> TASK TO COMPLETE: The answer is the full set of records below, transcribed exactly.

> SUPPLIED MATERIAL:
_ _ _ _

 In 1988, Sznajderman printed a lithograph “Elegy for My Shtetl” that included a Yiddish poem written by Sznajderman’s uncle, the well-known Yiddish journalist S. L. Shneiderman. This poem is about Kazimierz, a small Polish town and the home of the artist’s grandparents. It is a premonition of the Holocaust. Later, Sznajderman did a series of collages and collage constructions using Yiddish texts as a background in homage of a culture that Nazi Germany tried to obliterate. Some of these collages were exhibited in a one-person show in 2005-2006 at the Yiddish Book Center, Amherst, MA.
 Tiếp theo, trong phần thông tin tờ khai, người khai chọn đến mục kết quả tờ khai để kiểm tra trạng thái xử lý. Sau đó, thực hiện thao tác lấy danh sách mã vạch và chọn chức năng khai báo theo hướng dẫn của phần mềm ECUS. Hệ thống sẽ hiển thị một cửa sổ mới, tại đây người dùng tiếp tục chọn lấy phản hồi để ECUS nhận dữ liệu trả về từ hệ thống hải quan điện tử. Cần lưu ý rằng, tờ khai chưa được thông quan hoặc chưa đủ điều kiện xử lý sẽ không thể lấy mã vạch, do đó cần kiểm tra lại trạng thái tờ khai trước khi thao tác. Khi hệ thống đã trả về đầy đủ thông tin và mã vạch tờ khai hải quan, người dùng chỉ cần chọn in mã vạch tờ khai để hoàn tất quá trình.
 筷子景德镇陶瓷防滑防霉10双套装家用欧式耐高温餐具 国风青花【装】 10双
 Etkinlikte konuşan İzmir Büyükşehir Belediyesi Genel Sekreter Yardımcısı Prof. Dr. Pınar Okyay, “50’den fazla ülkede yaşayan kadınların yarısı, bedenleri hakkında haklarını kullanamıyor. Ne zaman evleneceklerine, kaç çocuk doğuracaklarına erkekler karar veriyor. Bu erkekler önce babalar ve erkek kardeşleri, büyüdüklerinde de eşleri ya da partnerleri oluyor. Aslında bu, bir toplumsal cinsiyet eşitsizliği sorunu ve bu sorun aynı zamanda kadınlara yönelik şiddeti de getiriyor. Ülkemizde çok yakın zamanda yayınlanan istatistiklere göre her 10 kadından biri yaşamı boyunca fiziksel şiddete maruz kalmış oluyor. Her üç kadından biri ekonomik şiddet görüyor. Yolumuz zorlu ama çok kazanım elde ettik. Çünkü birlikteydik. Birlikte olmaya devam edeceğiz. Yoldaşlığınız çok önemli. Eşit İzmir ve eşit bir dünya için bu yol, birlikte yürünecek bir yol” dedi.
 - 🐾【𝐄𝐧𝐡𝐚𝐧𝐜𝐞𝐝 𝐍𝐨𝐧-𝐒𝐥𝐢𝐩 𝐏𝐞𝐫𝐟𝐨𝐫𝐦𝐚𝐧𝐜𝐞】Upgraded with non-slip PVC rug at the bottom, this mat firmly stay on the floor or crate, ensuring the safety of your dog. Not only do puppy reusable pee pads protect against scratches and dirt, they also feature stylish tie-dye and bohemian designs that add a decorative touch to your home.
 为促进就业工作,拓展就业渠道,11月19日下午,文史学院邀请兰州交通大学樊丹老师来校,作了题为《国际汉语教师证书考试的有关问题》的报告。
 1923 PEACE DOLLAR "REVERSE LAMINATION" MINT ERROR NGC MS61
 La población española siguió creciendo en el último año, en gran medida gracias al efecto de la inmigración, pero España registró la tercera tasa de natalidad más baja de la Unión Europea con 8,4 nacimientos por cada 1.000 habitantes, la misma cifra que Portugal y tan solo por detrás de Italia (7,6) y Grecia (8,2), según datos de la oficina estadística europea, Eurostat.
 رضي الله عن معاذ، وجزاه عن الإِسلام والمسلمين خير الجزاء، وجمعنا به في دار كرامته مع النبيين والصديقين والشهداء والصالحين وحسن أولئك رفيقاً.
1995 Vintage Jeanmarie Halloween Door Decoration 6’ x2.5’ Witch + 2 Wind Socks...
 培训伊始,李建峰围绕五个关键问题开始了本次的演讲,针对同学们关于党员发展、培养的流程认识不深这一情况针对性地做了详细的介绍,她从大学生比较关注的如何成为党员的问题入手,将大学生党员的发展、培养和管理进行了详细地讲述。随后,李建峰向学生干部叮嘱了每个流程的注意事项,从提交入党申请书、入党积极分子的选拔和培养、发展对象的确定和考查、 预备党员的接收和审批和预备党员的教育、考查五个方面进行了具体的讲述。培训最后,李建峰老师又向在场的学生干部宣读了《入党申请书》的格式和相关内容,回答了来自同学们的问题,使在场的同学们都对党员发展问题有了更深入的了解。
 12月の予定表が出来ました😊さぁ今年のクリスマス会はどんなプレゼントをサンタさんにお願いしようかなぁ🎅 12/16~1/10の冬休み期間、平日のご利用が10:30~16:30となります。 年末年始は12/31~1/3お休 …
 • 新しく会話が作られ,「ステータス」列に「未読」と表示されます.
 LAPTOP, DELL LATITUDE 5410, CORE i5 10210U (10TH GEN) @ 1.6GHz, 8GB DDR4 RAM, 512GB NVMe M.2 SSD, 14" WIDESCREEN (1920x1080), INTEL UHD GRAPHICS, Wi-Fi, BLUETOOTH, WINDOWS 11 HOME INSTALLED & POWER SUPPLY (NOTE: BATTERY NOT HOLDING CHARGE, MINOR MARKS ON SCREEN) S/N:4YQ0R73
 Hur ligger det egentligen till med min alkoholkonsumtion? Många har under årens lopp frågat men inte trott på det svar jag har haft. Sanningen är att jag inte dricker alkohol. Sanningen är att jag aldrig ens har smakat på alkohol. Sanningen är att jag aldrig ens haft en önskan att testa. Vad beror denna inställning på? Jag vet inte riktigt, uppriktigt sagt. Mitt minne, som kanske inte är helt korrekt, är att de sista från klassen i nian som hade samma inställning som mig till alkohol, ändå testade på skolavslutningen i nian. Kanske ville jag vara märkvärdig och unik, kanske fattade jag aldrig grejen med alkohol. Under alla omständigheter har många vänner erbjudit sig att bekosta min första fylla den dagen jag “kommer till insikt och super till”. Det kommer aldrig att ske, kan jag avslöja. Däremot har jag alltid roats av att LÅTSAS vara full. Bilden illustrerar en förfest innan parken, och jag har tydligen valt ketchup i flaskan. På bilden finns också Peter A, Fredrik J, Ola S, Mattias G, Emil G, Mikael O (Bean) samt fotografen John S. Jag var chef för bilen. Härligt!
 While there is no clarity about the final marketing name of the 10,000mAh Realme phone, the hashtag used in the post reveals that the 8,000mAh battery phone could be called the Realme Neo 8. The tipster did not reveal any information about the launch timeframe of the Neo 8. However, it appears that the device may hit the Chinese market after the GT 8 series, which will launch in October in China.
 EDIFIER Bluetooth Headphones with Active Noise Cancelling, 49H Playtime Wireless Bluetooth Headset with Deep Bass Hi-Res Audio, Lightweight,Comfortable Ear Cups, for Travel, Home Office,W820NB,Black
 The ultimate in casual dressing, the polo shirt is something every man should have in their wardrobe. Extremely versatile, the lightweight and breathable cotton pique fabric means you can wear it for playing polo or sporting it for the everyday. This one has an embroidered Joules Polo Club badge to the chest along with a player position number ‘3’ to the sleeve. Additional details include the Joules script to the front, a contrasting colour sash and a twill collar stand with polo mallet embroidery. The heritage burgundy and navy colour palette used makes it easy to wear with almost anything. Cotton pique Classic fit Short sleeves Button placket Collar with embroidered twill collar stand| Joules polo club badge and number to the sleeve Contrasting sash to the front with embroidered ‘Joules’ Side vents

_ _ _ _

> ANSWER SECTION:
 In 1988, Sznajderman printed a lithograph “Elegy for My Shtetl” that included a Yiddish poem written by Sznajderman’s uncle, the well-known Yiddish journalist S. L. Shneiderman. This poem is about Kazimierz, a small Polish town and the home of the artist’s grandparents. It is a premonition of the Holocaust. Later, Sznajderman did a series of collages and collage constructions using Yiddish texts as a background in homage of a culture that Nazi Germany tried to obliterate. Some of these collages were exhibited in a one-person show in 2005-2006 at the Yiddish Book Center, Amherst, MA.
 Tiếp theo, trong phần thông tin tờ khai, người khai chọn đến mục kết quả tờ khai để kiểm tra trạng thái xử lý. Sau đó, thực hiện thao tác lấy danh sách mã vạch và chọn chức năng khai báo theo hướng dẫn của phần mềm ECUS. Hệ thống sẽ hiển thị một cửa sổ mới, tại đây người dùng tiếp tục chọn lấy phản hồi để ECUS nhận dữ liệu trả về từ hệ thống hải quan điện tử. Cần lưu ý rằng, tờ khai chưa được thông quan hoặc chưa đủ điều kiện xử lý sẽ không thể lấy mã vạch, do đó cần kiểm tra lại trạng thái tờ khai trước khi thao tác. Khi hệ thống đã trả về đầy đủ thông tin và mã vạch tờ khai hải quan, người dùng chỉ cần chọn in mã vạch tờ khai để hoàn tất quá trình.
 筷子景德镇陶瓷防滑防霉10双套装家用欧式耐高温餐具 国风青花【装】 10双
 Etkinlikte konuşan İzmir Büyükşehir Belediyesi Genel Sekreter Yardımcısı Prof. Dr. Pınar Okyay, “50’den fazla ülkede yaşayan kadınların yarısı, bedenleri hakkında haklarını kullanamıyor. Ne zaman evleneceklerine, kaç çocuk doğuracaklarına erkekler karar veriyor. Bu erkekler önce babalar ve erkek kardeşleri, büyüdüklerinde de eşleri ya da partnerleri oluyor. Aslında bu, bir toplumsal cinsiyet eşitsizliği sorunu ve bu sorun aynı zamanda kadınlara yönelik şiddeti de getiriyor. Ülkemizde çok yakın zamanda yayınlanan istatistiklere göre her 10 kadından biri yaşamı boyunca fiziksel şiddete maruz kalmış oluyor. Her üç kadından biri ekonomik şiddet görüyor. Yolumuz zorlu ama çok kazanım elde ettik. Çünkü birlikteydik. Birlikte olmaya devam edeceğiz. Yoldaşlığınız çok önemli. Eşit İzmir ve eşit bir dünya için bu yol, birlikte yürünecek bir yol” dedi.
 - 🐾【𝐄𝐧𝐡𝐚𝐧𝐜𝐞𝐝 𝐍𝐨𝐧-𝐒𝐥𝐢𝐩 𝐏𝐞𝐫𝐟𝐨𝐫𝐦𝐚𝐧𝐜𝐞】Upgraded with non-slip PVC rug at the bottom, this mat firmly stay on the floor or crate, ensuring the safety of your dog. Not only do puppy reusable pee pads protect against scratches and dirt, they also feature stylish tie-dye and bohemian designs that add a decorative touch to your home.
 为促进就业工作,拓展就业渠道,11月19日下午,文史学院邀请兰州交通大学樊丹老师来校,作了题为《国际汉语教师证书考试的有关问题》的报告。
 1923 PEACE DOLLAR "REVERSE LAMINATION" MINT ERROR NGC MS61
 La población española siguió creciendo en el último año, en gran medida gracias al efecto de la inmigración, pero España registró la tercera tasa de natalidad más baja de la Unión Europea con 8,4 nacimientos por cada 1.000 habitantes, la misma cifra que Portugal y tan solo por detrás de Italia (7,6) y Grecia (8,2), según datos de la oficina estadística europea, Eurostat.
 رضي الله عن معاذ، وجزاه عن الإِسلام والمسلمين خير الجزاء، وجمعنا به في دار كرامته مع النبيين والصديقين والشهداء والصالحين وحسن أولئك رفيقاً.
1995 Vintage Jeanmarie Halloween Door Decoration 6’ x2.5’ Witch + 2 Wind Socks...
 培训伊始,李建峰围绕五个关键问题开始了本次的演讲,针对同学们关于党员发展、培养的流程认识不深这一情况针对性地做了详细的介绍,她从大学生比较关注的如何成为党员的问题入手,将大学生党员的发展、培养和管理进行了详细地讲述。随后,李建峰向学生干部叮嘱了每个流程的注意事项,从提交入党申请书、入党积极分子的选拔和培养、发展对象的确定和考查、 预备党员的接收和审批和预备党员的教育、考查五个方面进行了具体的讲述。培训最后,李建峰老师又向在场的学生干部宣读了《入党申请书》的格式和相关内容,回答了来自同学们的问题,使在场的同学们都对党员发展问题有了更深入的了解。
 12月の予定表が出来ました😊さぁ今年のクリスマス会はどんなプレゼントをサンタさんにお願いしようかなぁ🎅 12/16~1/10の冬休み期間、平日のご利用が10:30~16:30となります。 年末年始は12/31~1/3お休 …
 • 新しく会話が作られ,「ステータス」列に「未読」と表示されます.
 LAPTOP, DELL LATITUDE 5410, CORE i5 10210U (10TH GEN) @ 1.6GHz, 8GB DDR4 RAM, 512GB NVMe M.2 SSD, 14" WIDESCREEN (1920x1080), INTEL UHD GRAPHICS, Wi-Fi, BLUETOOTH, WINDOWS 11 HOME INSTALLED & POWER SUPPLY (NOTE: BATTERY NOT HOLDING CHARGE, MINOR MARKS ON SCREEN) S/N:4YQ0R73
 Hur ligger det egentligen till med min alkoholkonsumtion? Många har under årens lopp frågat men inte trott på det svar jag har haft. Sanningen är att jag inte dricker alkohol. Sanningen är att jag aldrig ens har smakat på alkohol. Sanningen är att jag aldrig ens haft en önskan att testa. Vad beror denna inställning på? Jag vet inte riktigt, uppriktigt sagt. Mitt minne, som kanske inte är helt korrekt, är att de sista från klassen i nian som hade samma inställning som mig till alkohol, ändå testade på skolavslutningen i nian. Kanske ville jag vara märkvärdig och unik, kanske fattade jag aldrig grejen med alkohol. Under alla omständigheter har många vänner erbjudit sig att bekosta min första fylla den dagen jag “kommer till insikt och super till”. Det kommer aldrig att ske, kan jag avslöja. Däremot har jag alltid roats av att LÅTSAS vara full. Bilden illustrerar en förfest innan parken, och jag har tydligen valt ketchup i flaskan. På bilden finns också Peter A, Fredrik J, Ola S, Mattias G, Emil G, Mikael O (Bean) samt fotografen John S. Jag var chef för bilen. Härligt!
 While there is no clarity about the final marketing name of the 10,000mAh Realme phone, the hashtag used in the post reveals that the 8,000mAh battery phone could be called the Realme Neo 8. The tipster did not reveal any information about the launch timeframe of the Neo 8. However, it appears that the device may hit the Chinese market after the GT 8 series, which will launch in October in China.
 EDIFIER Bluetooth Headphones with Active Noise Cancelling, 49H Playtime Wireless Bluetooth Headset with Deep Bass Hi-Res Audio, Lightweight,Comfortable Ear Cups, for Travel, Home Office,W820NB,Black
 The ultimate in casual dressing, the polo shirt is something every man should have in their wardrobe. Extremely versatile, the lightweight and breathable cotton pique fabric means you can wear it for playing polo or sporting it for the everyday. This one has an embroidered Joules Polo Club badge to the chest along with a player position number ‘3’ to the sleeve. Additional details include the Joules script to the front, a contrasting colour sash and a twill collar stand with polo mallet embroidery. The heritage burgundy and navy colour palette used makes it easy to wear with almost anything. Cotton pique Classic fit Short sleeves Button placket Collar with embroidered twill collar stand| Joules polo club badge and number to the sleeve Contrasting sash to the front with embroidered ‘Joules’ Side vents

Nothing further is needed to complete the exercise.